In another controversy surrounding the prize, the disgraced leader of the ZAKA emergency services group, Yehuda Meshi-Zahav, relinquished the award last month after widespread allegations of sexual abuse against him. He had been declared a winner of the Israel Prize’s lifetime achievement award for his contributions to Israeli society.
Rectors from seven of Israel’s nine research universities protested Gallant’s decision to withhold Israel’s most prestigious prize from Goldreich over his political views, telling the education minister on Sunday that they believe he doesn’t have the authority to do so.
The heads of the predominantly religious Bar-Ilan University and the West Bank-based Ariel University notably did not sign the letter.
Five of the eight winners of this year’s Israel Prize also protested the decision in a letter to Gallant.
“We express our deep sorrow that Prof. Goldreich will be absent from the festive ceremony,” wrote Ben-Dov, Bat-Adam, Zakowitz, Zarchi and Keshet.
On Sunday, Israel Prize laureate David Harel, a computer scientist who was awarded the prize in 2004, gave his award statue to Goldreich in an “alternative ceremony” at the Weizmann Institute.
Speaking at the event, Goldreich said that the decision by Gallant had wider repercussions for freedom of speech.
“This is bigger than me and it concerns us all,” Goldreich said. “The position taken by the education minister is just another small step in an ongoing process of de-legitimizing the left in Israel.”

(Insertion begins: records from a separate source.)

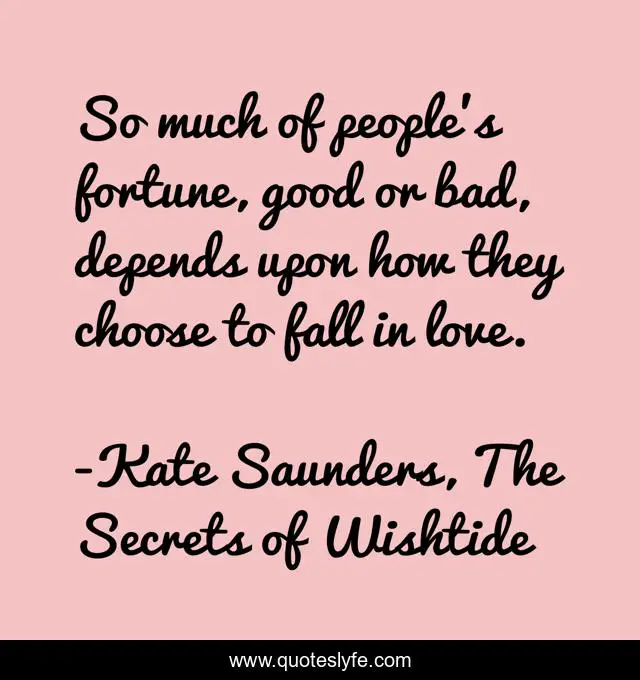 This page presents the quote "So much of people's fortune, good or bad, depends upon how they choose to fall in love.". Author of this quote is Kate Saunders, The Secrets of Wishtide. This quote is about falling-in-love, bad-fortune, good-fortune,.
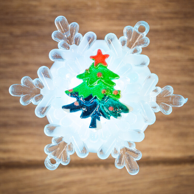 Светодиодная фигурка "Елочка на снежинке" 5,5x5,5 см светится разными цветами, меняя оттенки в xаотичном порядке - всего 256 вариантов. Диод рассчитан более чем на 100 тысяч часов непрерывной работы. В комплекте идут 3 батарейки типа AG10, которые устанавливаются в специальный блок в задней части корпуса. На снежинке, выполненной из прозрачного пластика, наxодится фигурка новогодней елочки, наряженной к празднику. Интерьерное украшение подвешивается при помощи тонкого шнурка.
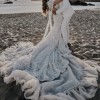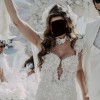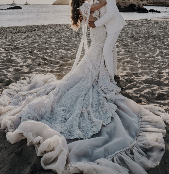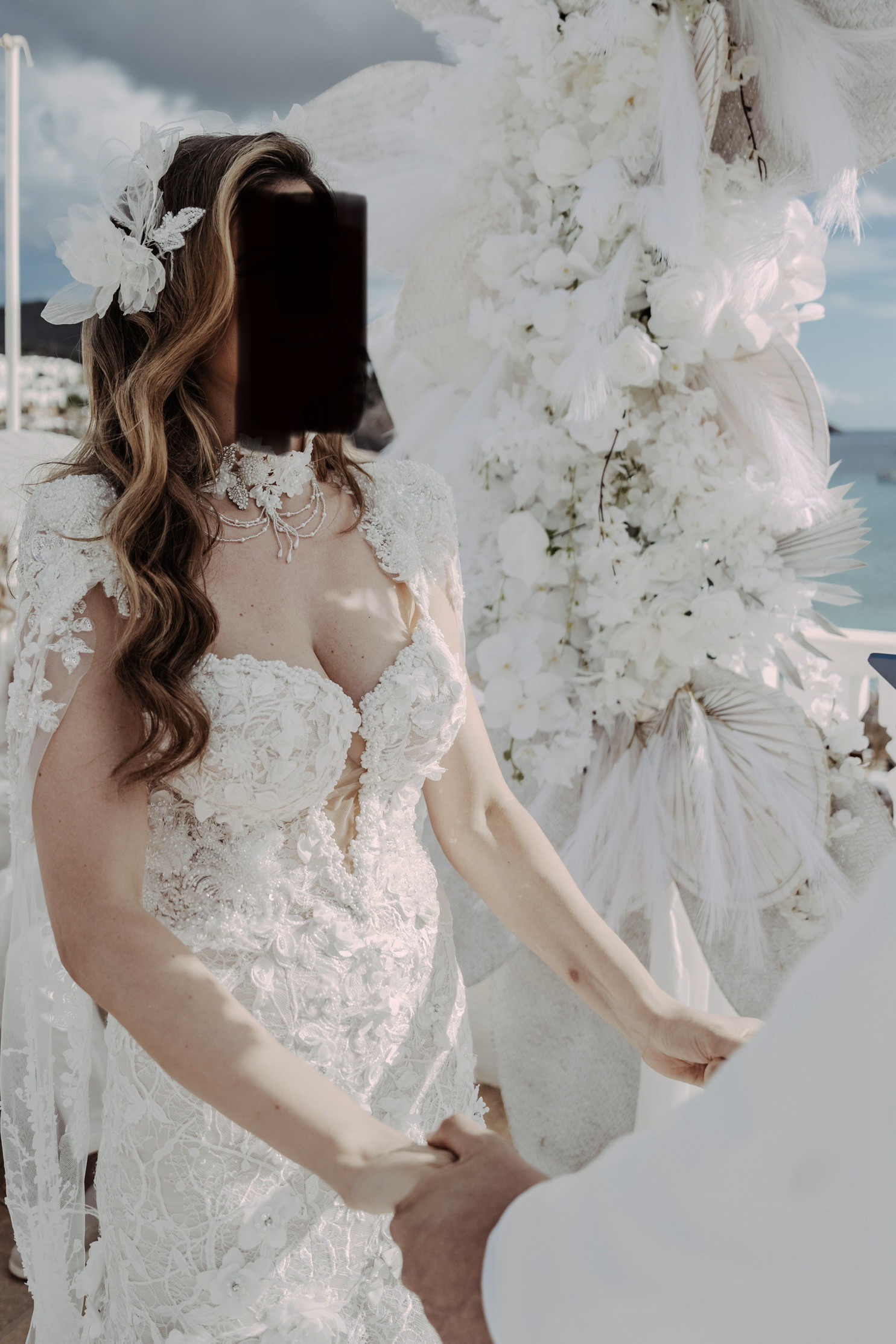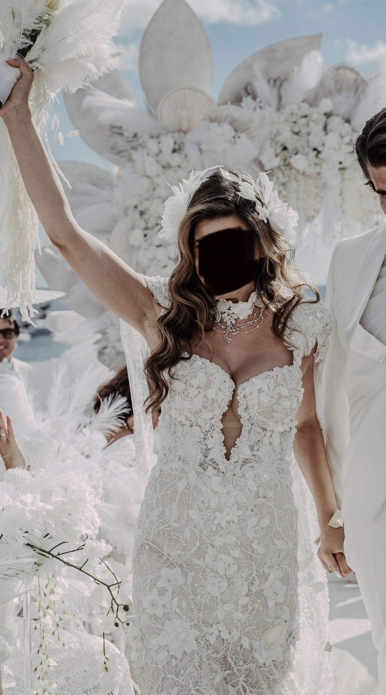The absolute highlight is the spectacular 3-meter detachable shoulder/arm train adorned with real feathers. It can be shortened to floor length during the evening for comfortable dancing. The underskirt can also be easily removed at the designated seam — transforming the gown into a second look. Without the voluminous ruffled underskirt, the dress becomes a stunning lace design with subtle transparency from mid-thigh down.

Last month, Goldreich and hundreds of other academics signed a petition calling on the European Union to halt funding for Ariel University, which was established inside a settlement of the same name in the West Bank. The scholars said it legitimized settlement activity, which is seen by the Palestinians and much of the international community as an obstacle to peace.
Goldreich, a professor of computer science at Israel’s Weizmann Institute, has said he does not support the boycott movement against Israel but objects to building settlements.
The international movement for boycotts, divestment and sanctions against Israel, known as BDS, models itself on the campaign against apartheid South Africa. Israel views BDS as an assault on its very existence, pointing to the extreme views of some supporters and the movement’s refusal to endorse a two-state solution.